Zbiory upraw winorośli odbywają się najczęściej późnym latem a nawet wczesną jesienią, źródło: pixabay.com
Rynek musi odpowiedzieć na zachcianki konsumentów
Magdalena Zielińska zaznacza, że Polska ze swoimi problemami nie jest osamotniona. Tak jak inne kraje świata powinna też działać, by przeciwdziałać dalszym konsekwencjom spadków na rynku winiarskim.
- Konsumenci zwracają się w kierunku win ekologicznych, biodynamicznych, regionalnych - przypomina Zielińska - zwracają się w kierunku win wytworzonych w sposób zrównoważony. Ci młodzi ludzie to Millenialsi - poszukujący nowości, bez ograniczeń eksperymentujący w obrębie różnych stylów (picia), są przy tym często nielojalni wobec marek i kategorii.
To w nich i ich upodobaniach winiarskich można upatrywać szansy. Jednak będzie to wymagało np. zmian w prawie (nad czym pracują przedstawiciele ZP PRW). Rynek został bowiem zdominowany przez producentów piw smakowych, uprzywilejowanych prawnie. W przeciwieństwie do cydrów, piwo można reklamować w mediach. W jego przypadku nie ma też obowiązku banderolowania, co ogranicza ekspansję wina.
Lipcowa konferencja w Warszawie
Perspektywom rozwoju i barierom, ograniczającym rozwój branży winiarskiej w Polsce poświęcona była konferencja, która na początku lipca odbyła się w Warszawie. Spotkanie było inicjowane przez Ministerstwo Rolnictwa i Rozwoju Wsi. Wśród jego uczestników była poseł Anna Krupka.
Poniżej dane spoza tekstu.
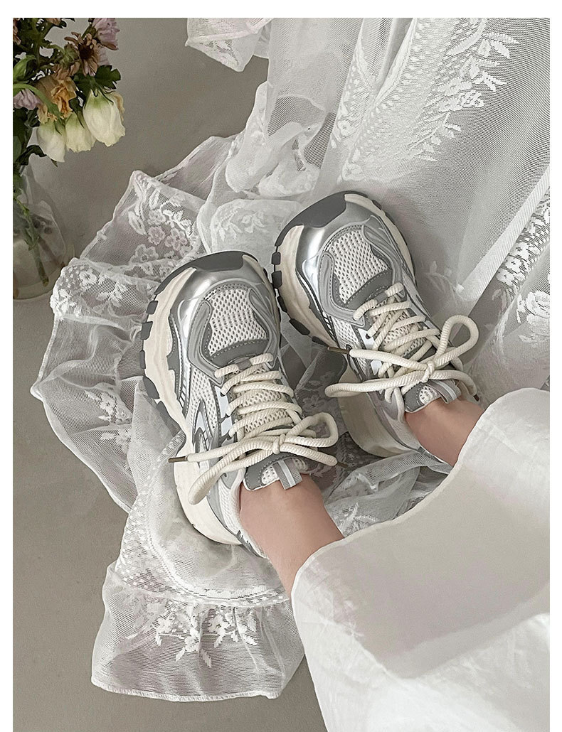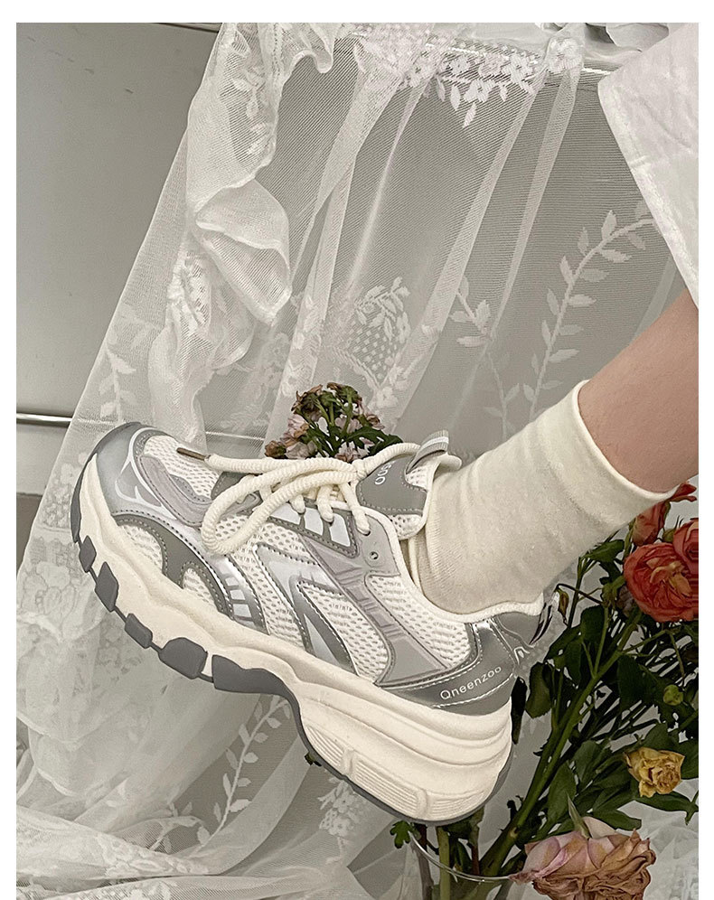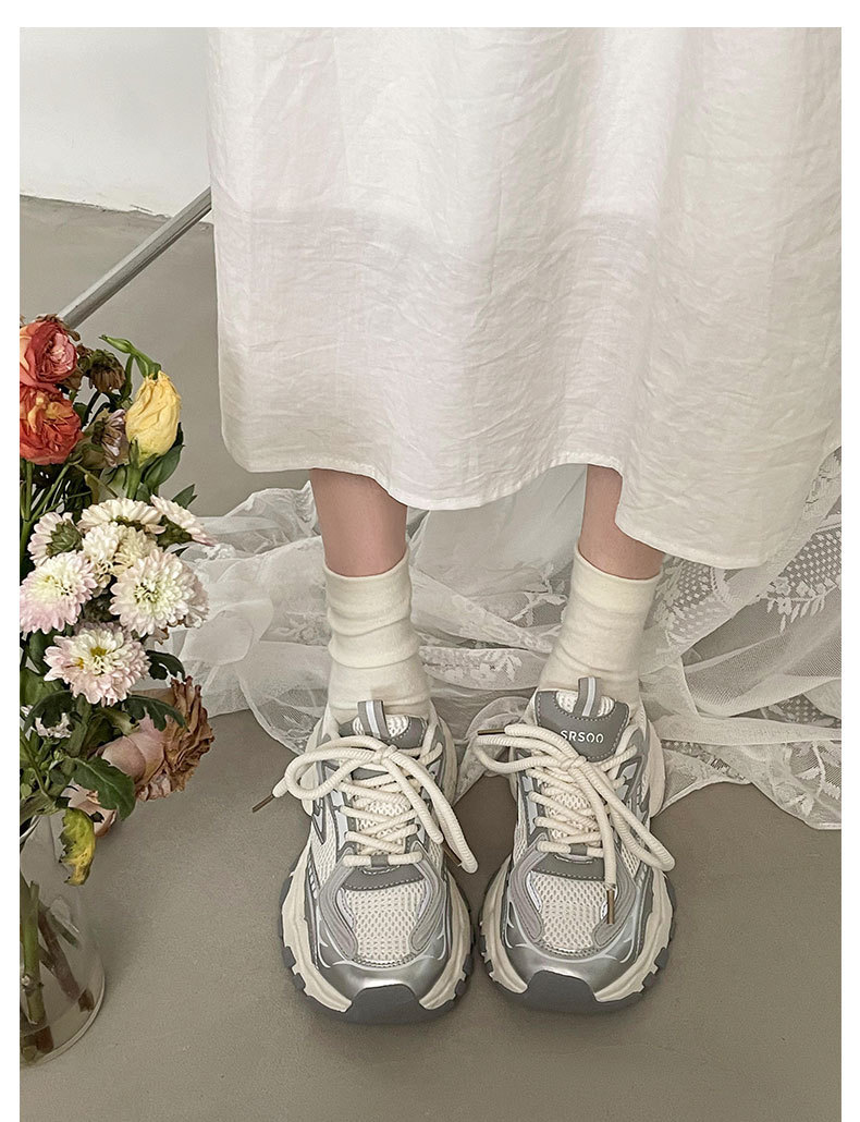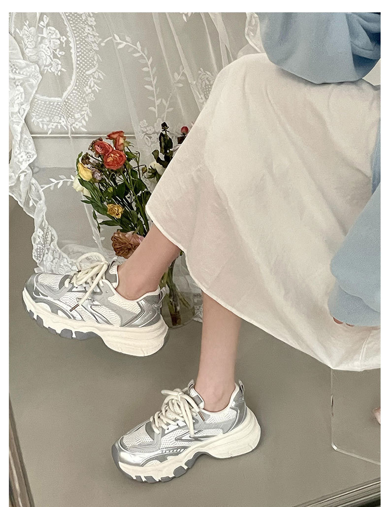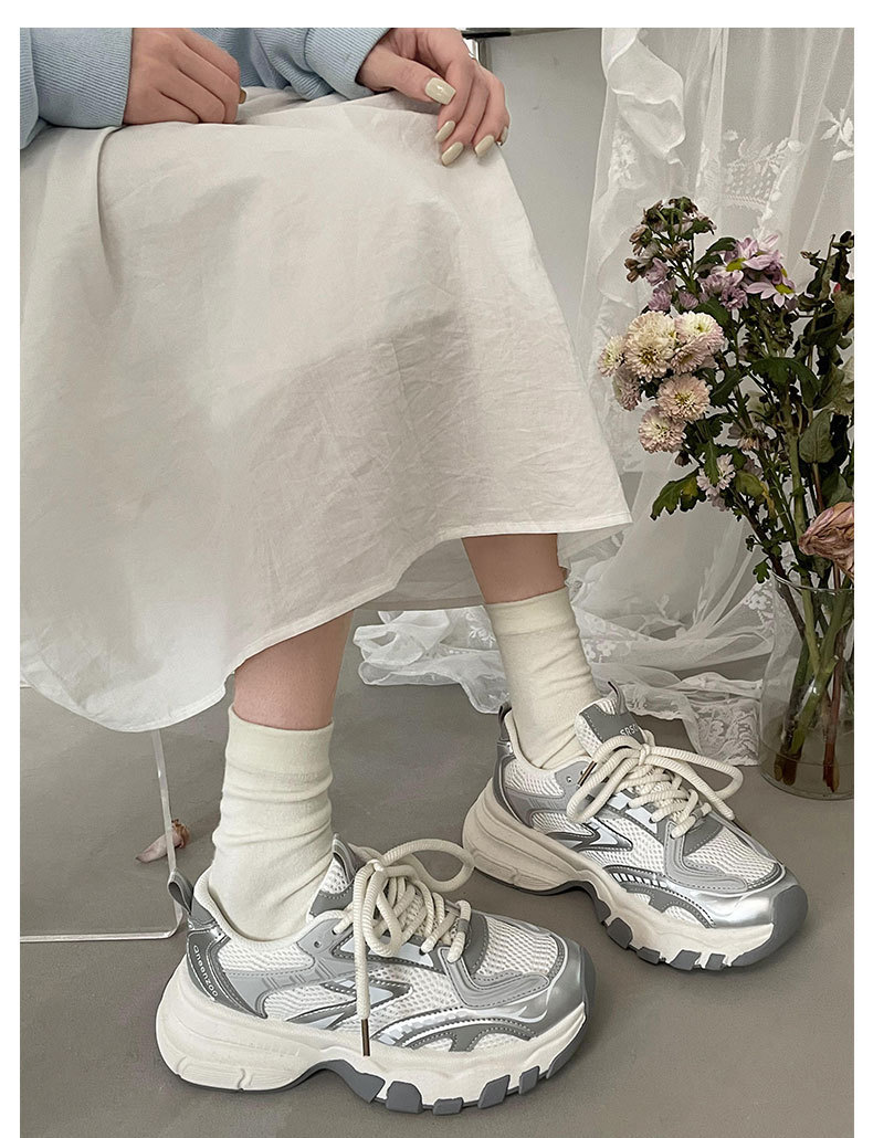 여성을 위한 흰색 스트리트 스타일 작은 두꺼운 밑창 아빠 신발 2025 새로운 여름 메쉬 경량 스포츠 신발

- Eksperci przeanalizują kolejne etapy: od nasadzenia winorośli, poprzez przetwórstwo i produkcję wina aż po wprowadzenie produktu na rynek, czyli sprawy akcyzy, podatków, ale i marketingu oraz reklamy, bo obecnie funkcjonuje zakaz reklamy win - relacjonowała poseł Krupka, której obecność, jak pisała sama potem na Facebooku, była podyktowana troską o świętokrzyskie winiarnie (to jej okręg wyborczy).
Świat bez wina?
Dla Polski taka perspektywa, świata bez wina włoskiego lub hiszpańskiego może być również szansą, ale z innego powodu. W Polsce dominuje produkcja cydru i miodów pitnych. Zwłaszcza z pierwszym wyrobem wiązane są duże nadzieje. Jest on oparty o dużą produkcję w Polsce jabłek i może zapewnić rynek zbytu dla polskich sadowników, więc może stanie się przysmakiem stołowym zamiast czerwonego wina?